# WHAT TO WORK ON:
Please restate the listing word for word, omitting the images.

═════ EXTRACTED RECORDS

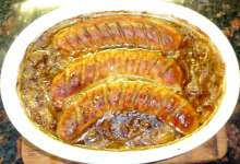 Колбаски с жареным луком в пивной подливке (Польская кухня)
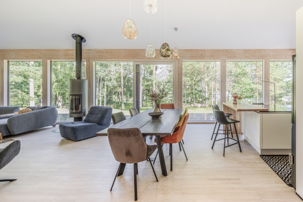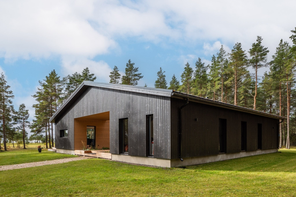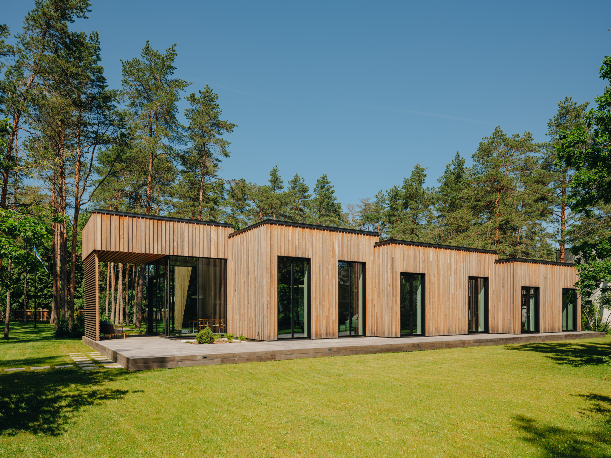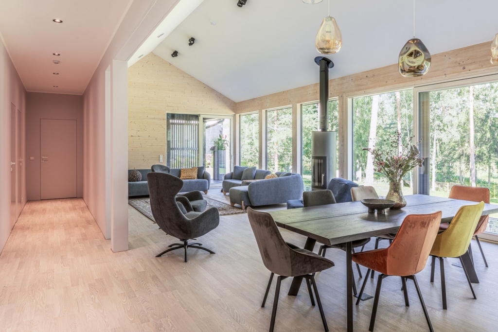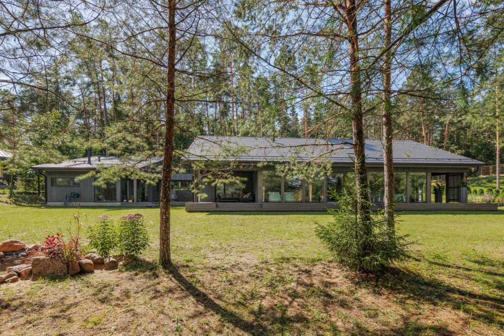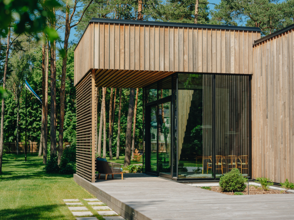Rakensimme persoonallisen omakotitalon Viron Nõmmen alueen tyypilliseen männikkömaisemaan, jossa korkeat puut kehystävät näkymiä ja valo piirtää ympäristöönsä ainutlaatuisen tunnelman vuodenajasta riippumatta. Tontin tavallista suurempi koko mahdollisti ratkaisun, joka on harvinainen alueella: avaran yksikerroksisen kodin, jossa kaikki tilat levittäytyvät maan tasoon ja yhteys luontoon säilyy esteettömänä.
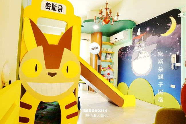 兒童遊戲區位在三樓,一上樓就會看到超吸睛的龍貓造型溜滑梯,滑梯下方還有玩具與超多的小車車,一旁的櫃子上擺滿玩具、桌遊、繪本圖書等。民宿主人也有提供溫奶器、奶瓶消毒鍋、小烤箱、奶瓶刷等物品,還有不少小餅乾、小零食讓房客取用。
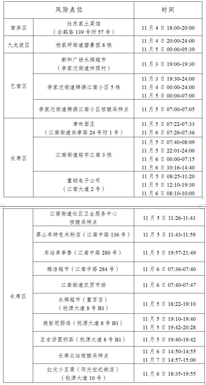 2022年11月8日,长寿区新增报告2例确诊病例(确诊病例5-6)。现将在渝主要活动轨迹的风险点位和时间通告如下:
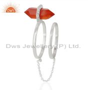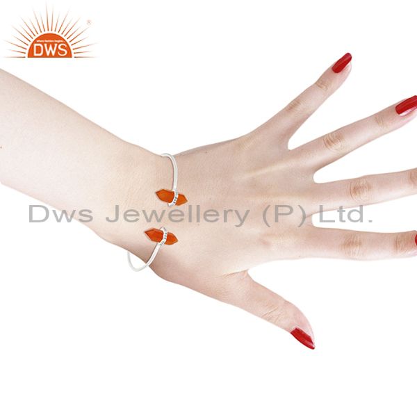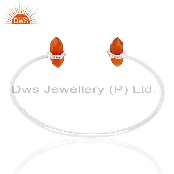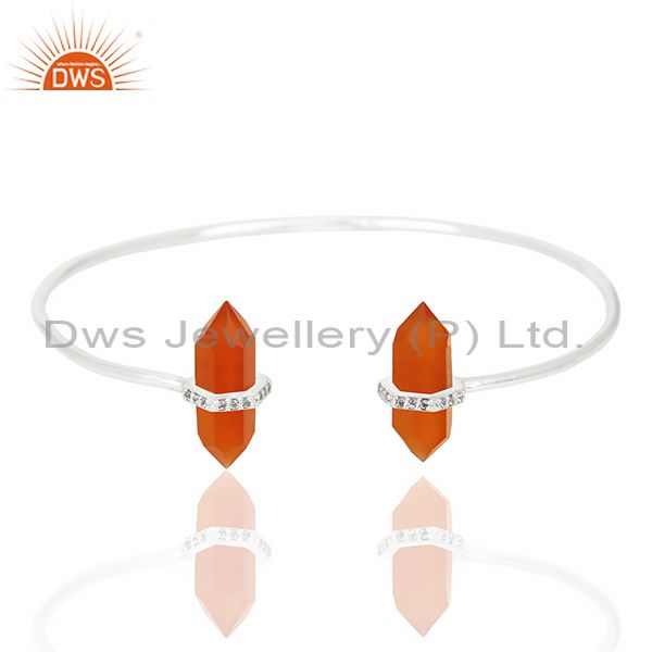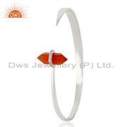 Red Onyx Pencil Point Healing Openable Adjustable Sterling Silver Bangle
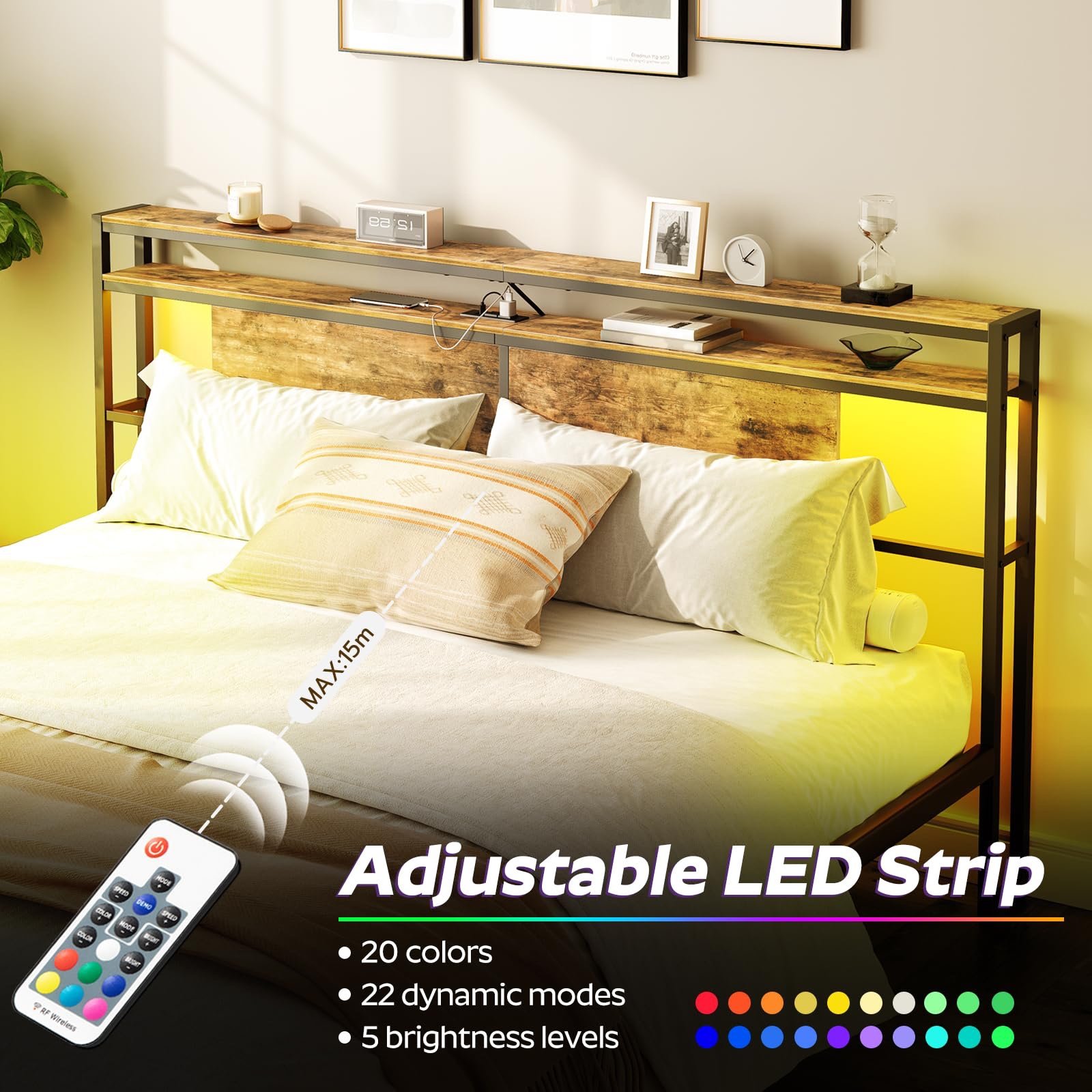 Adjustable LED Strip: Adjust the LED strip on this headboard to create the perfect ambiance for your relaxation. With different brightness and color options, the LED strip can serve as a bedside lamp or reading light to facilitate your rest time
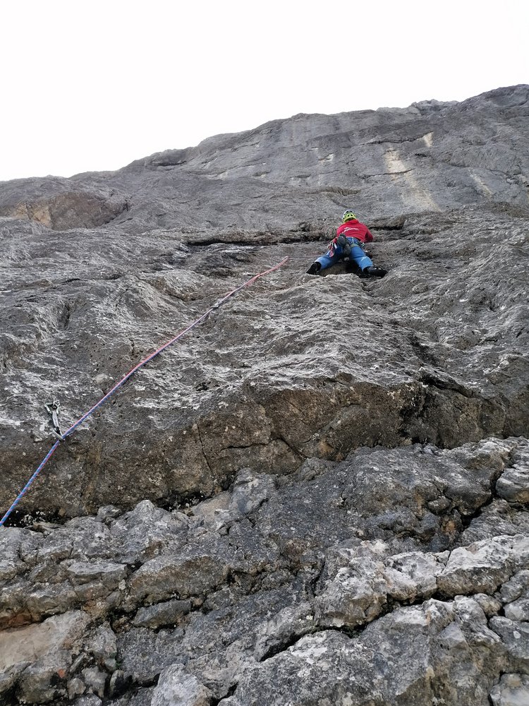 E2-: Aufgrund der Querung in SL 3&4, einem etwas weiteren Abstand im leichteren Grad in SL 5 (kann mit mobiler Sicherung entschärft werden) und dem alpinen Charakter und Absicherung in SL6, wobei diese in gutem Zustand sind. Ansonsten ist die Route eigentlich E1+
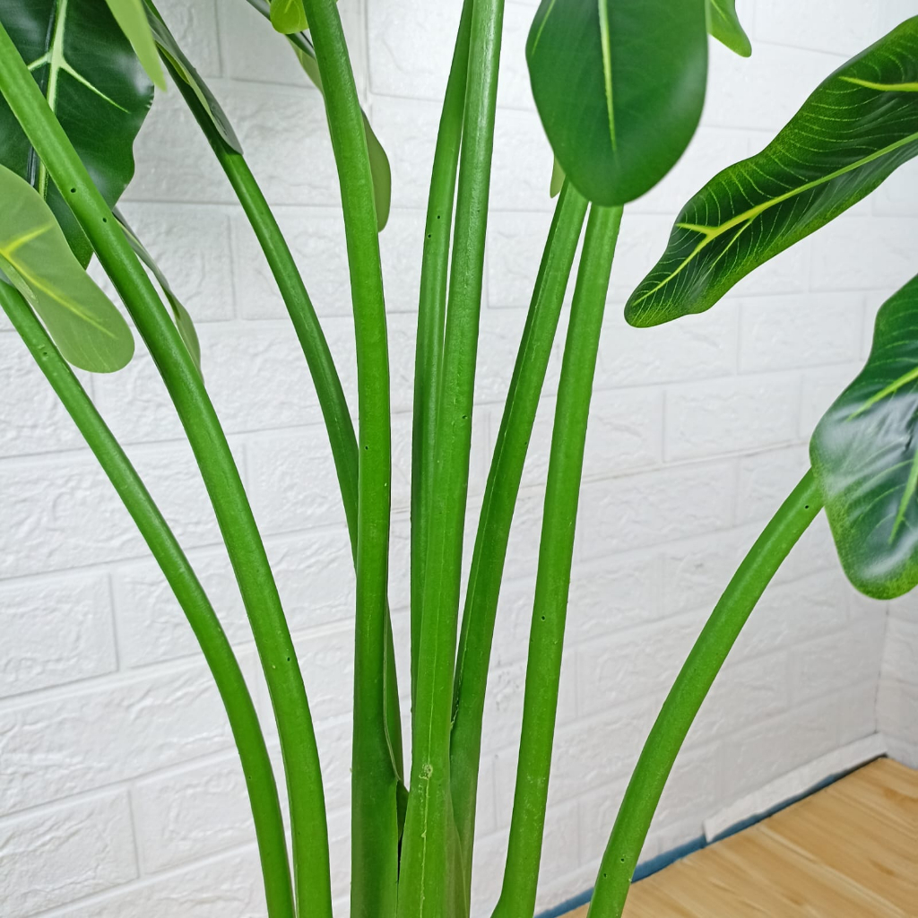 🪴 Tinggi pohon : ± 1,2 meter 🪴 Jumlah daun : 9 helai 🪴 Lebar daun : 20 cm 🪴 Keterangan : 160 daun 🪴 Bahan : PP Plastik 🪴 Berat : 4410 gram

══════════

# THE ANSWER:
 Колбаски с жареным луком в пивной подливке (Польская кухня)
Rakensimme persoonallisen omakotitalon Viron Nõmmen alueen tyypilliseen männikkömaisemaan, jossa korkeat puut kehystävät näkymiä ja valo piirtää ympäristöönsä ainutlaatuisen tunnelman vuodenajasta riippumatta. Tontin tavallista suurempi koko mahdollisti ratkaisun, joka on harvinainen alueella: avaran yksikerroksisen kodin, jossa kaikki tilat levittäytyvät maan tasoon ja yhteys luontoon säilyy esteettömänä.
 兒童遊戲區位在三樓,一上樓就會看到超吸睛的龍貓造型溜滑梯,滑梯下方還有玩具與超多的小車車,一旁的櫃子上擺滿玩具、桌遊、繪本圖書等。民宿主人也有提供溫奶器、奶瓶消毒鍋、小烤箱、奶瓶刷等物品,還有不少小餅乾、小零食讓房客取用。
 2022年11月8日,长寿区新增报告2例确诊病例(确诊病例5-6)。现将在渝主要活动轨迹的风险点位和时间通告如下:
 Red Onyx Pencil Point Healing Openable Adjustable Sterling Silver Bangle
 Adjustable LED Strip: Adjust the LED strip on this headboard to create the perfect ambiance for your relaxation. With different brightness and color options, the LED strip can serve as a bedside lamp or reading light to facilitate your rest time
 E2-: Aufgrund der Querung in SL 3&4, einem etwas weiteren Abstand im leichteren Grad in SL 5 (kann mit mobiler Sicherung entschärft werden) und dem alpinen Charakter und Absicherung in SL6, wobei diese in gutem Zustand sind. Ansonsten ist die Route eigentlich E1+
 🪴 Tinggi pohon : ± 1,2 meter 🪴 Jumlah daun : 9 helai 🪴 Lebar daun : 20 cm 🪴 Keterangan : 160 daun 🪴 Bahan : PP Plastik 🪴 Berat : 4410 gram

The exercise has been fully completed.